Exercise aim:
The response should consist of the data below, copied exactly, with no pictures in it.

Supplied material:

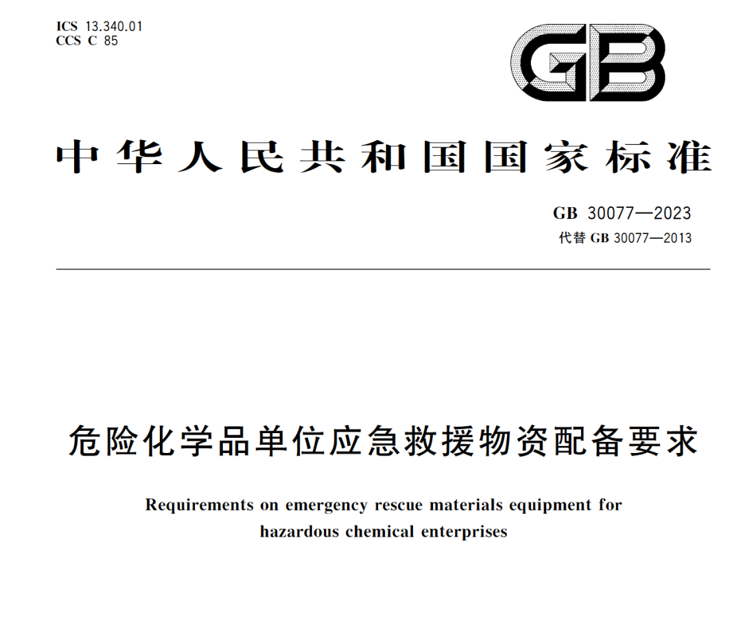 2023年12月28日,中国国家市场监督管理总局和国家标准化管理委员会正式公布了新的国家标准——GB30077-2023《危险化学品单位应急救援物资配备要求》。
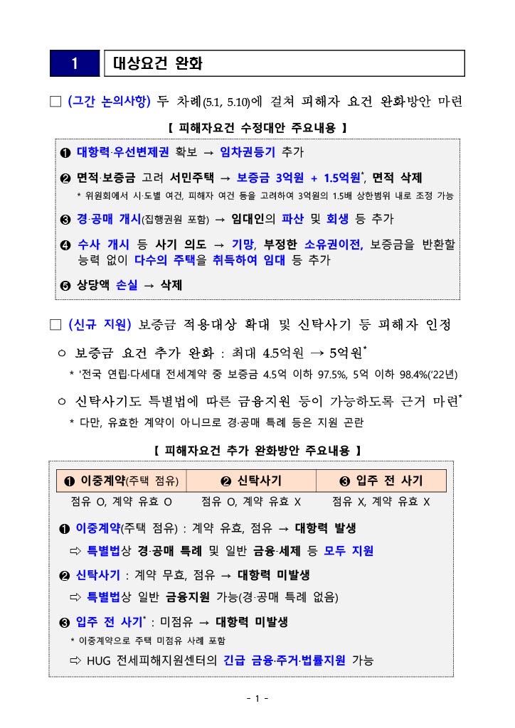 집주인 파산 및 회생 사례를 포함하도록 피해자 요건이 확대되었습니다. 이전에는 경매 또는 공개 판매의 개시만이 피해자 요건으로 간주되었습니다. 이제 임대인의 파산이나 회생 절차와 관련된 사건도 인정됩니다. 또한 사기 없이는 반환할 수 없는 상태에서 대량의 부동산을 취득·임차한 개인에게 임대주택의 소유권을 이전하는 등의 경우도 특별법상 전세사기로 인정됩니다.
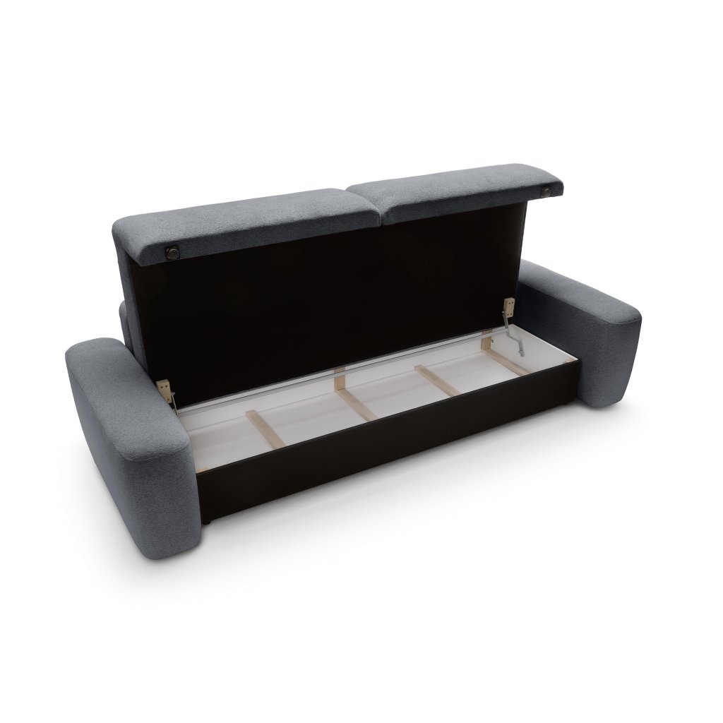 Praktický box schovaný uvnitř – na deky, polštáře i všechny drobnosti, co nechceš mít na očích.
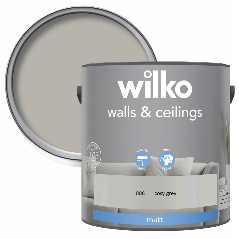 Renovate your home with our Walls and Ceilings Matt Emulsion Paint 2.5L. Our matt emulsion paint gives you that perfect finish for a modern look. This attractive colour dries in two to four hours and gives a modern, matt finish. This paint covers slight imperfections like lumps or bumps on your wall in just two coats. The contents of this can will cover approximately 35 square metres, which after two coats, is about the same width as three small sofas. (Approximate coverage depends on the surface of your walls, see the back of the can for more details). Colours viewed on the screen may not show the same on your walls. To make sure this colour's right for you, we recommend ordering a tester pot or popping into the store to check first. Shade: Cosy Grey.

Finished task:
 2023年12月28日,中国国家市场监督管理总局和国家标准化管理委员会正式公布了新的国家标准——GB30077-2023《危险化学品单位应急救援物资配备要求》。
 집주인 파산 및 회생 사례를 포함하도록 피해자 요건이 확대되었습니다. 이전에는 경매 또는 공개 판매의 개시만이 피해자 요건으로 간주되었습니다. 이제 임대인의 파산이나 회생 절차와 관련된 사건도 인정됩니다. 또한 사기 없이는 반환할 수 없는 상태에서 대량의 부동산을 취득·임차한 개인에게 임대주택의 소유권을 이전하는 등의 경우도 특별법상 전세사기로 인정됩니다.
 Praktický box schovaný uvnitř – na deky, polštáře i všechny drobnosti, co nechceš mít na očích.
 Renovate your home with our Walls and Ceilings Matt Emulsion Paint 2.5L. Our matt emulsion paint gives you that perfect finish for a modern look. This attractive colour dries in two to four hours and gives a modern, matt finish. This paint covers slight imperfections like lumps or bumps on your wall in just two coats. The contents of this can will cover approximately 35 square metres, which after two coats, is about the same width as three small sofas. (Approximate coverage depends on the surface of your walls, see the back of the can for more details). Colours viewed on the screen may not show the same on your walls. To make sure this colour's right for you, we recommend ordering a tester pot or popping into the store to check first. Shade: Cosy Grey.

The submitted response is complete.